Ajoutons enfin que la Troisième République, notamment, a été tout à la fois une République raciale et une République impériale3 dirigée par des élites politiques et administratives largement acquises au racisme « scientifique » de l’époque et majoritairement favorables, socialistes compris, à la colonisation qu’elles ont préparée, organisée puis constamment défendue. En atteste, parmi beaucoup d’autres citations possibles, le célèbre discours de Jules Ferry prononcé à la chambre des députés le 28 juillet 1885 dans lequel il estime que les « races supérieures ont un droit vis-à-vis des races inférieures ». Ce discours n’est pas seulement un appel pressant à la colonisation, il est aussi très classiquement raciste, ceci justifiant, pour Jules Ferry et beaucoup d’autres, les conquêtes coloniales et l’assujettissement des « indigènes ».

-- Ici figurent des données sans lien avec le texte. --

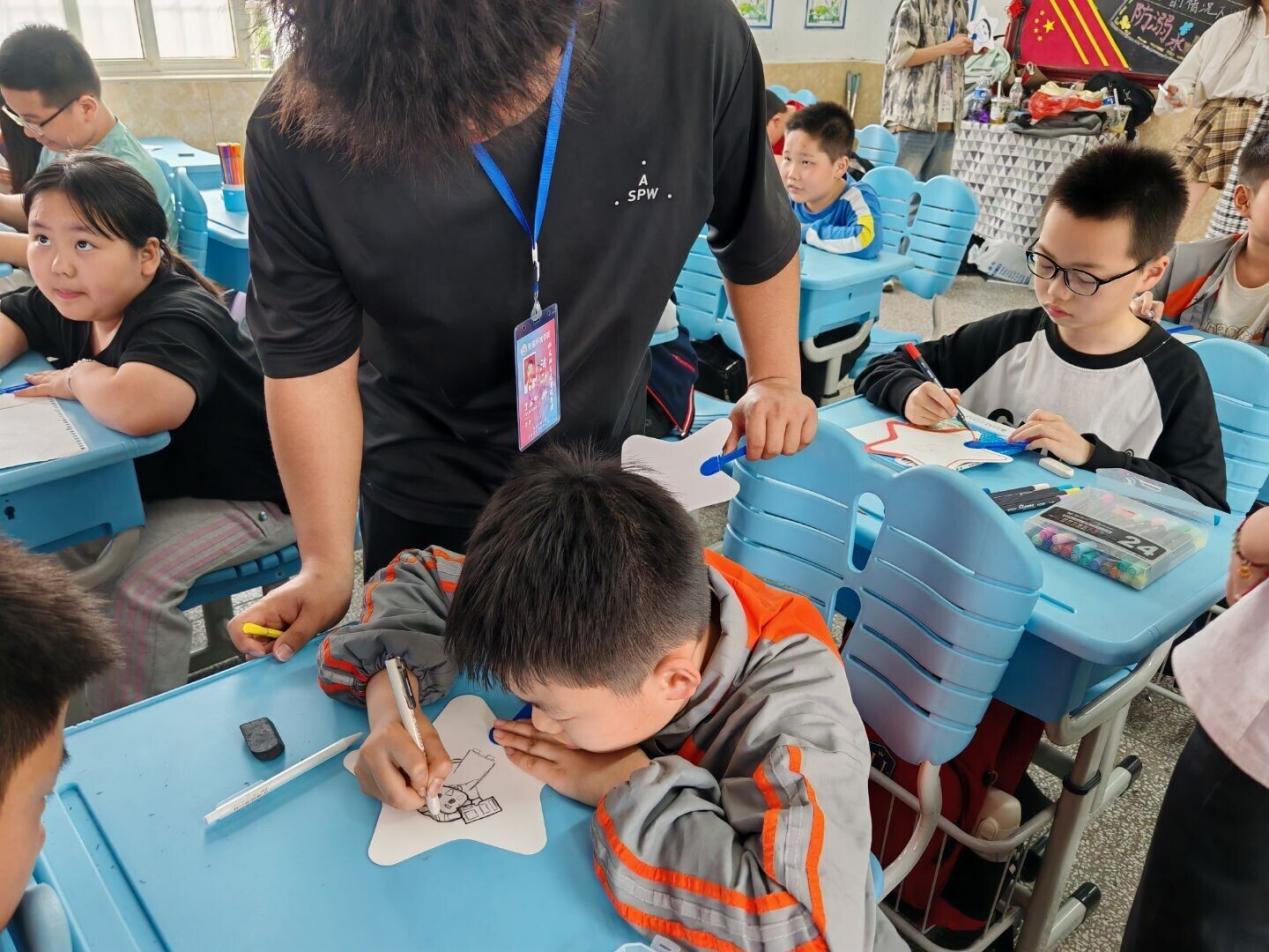 理论讲解环节过后,孩子们迎来实践课——纸扇绘画。有的小朋友画的李大钊戴着一副圆圆的眼镜,手里拿着书本,显得睿智而深沉;有的小朋友画的陈独秀则穿着长衫,一副儒者风范;还有小朋友画的鲁迅留着一字眉,昂首挺胸,充满自信。这些充满童趣的画作,不仅体现同学们对英雄的敬仰,还展现他们对五四精神的理解。

1Olivier Le Cour Grandmaison, Ennemis mortels. Représentations de l’islam et politiques musulmanes en France à l’époque coloniale, La Découverte, Paris, 2019.

2Olivier Le Cour Grandmaison, De l’indigénat. Anatomie d’un « monstre » juridique. Le droit colonial en Algérie et dans l’empire français, Zones, Paris, 2010.

3Olivier Le Cour Grandmaison, La République impériale. Politique et racisme d’État, Fayard, Paris, 2009.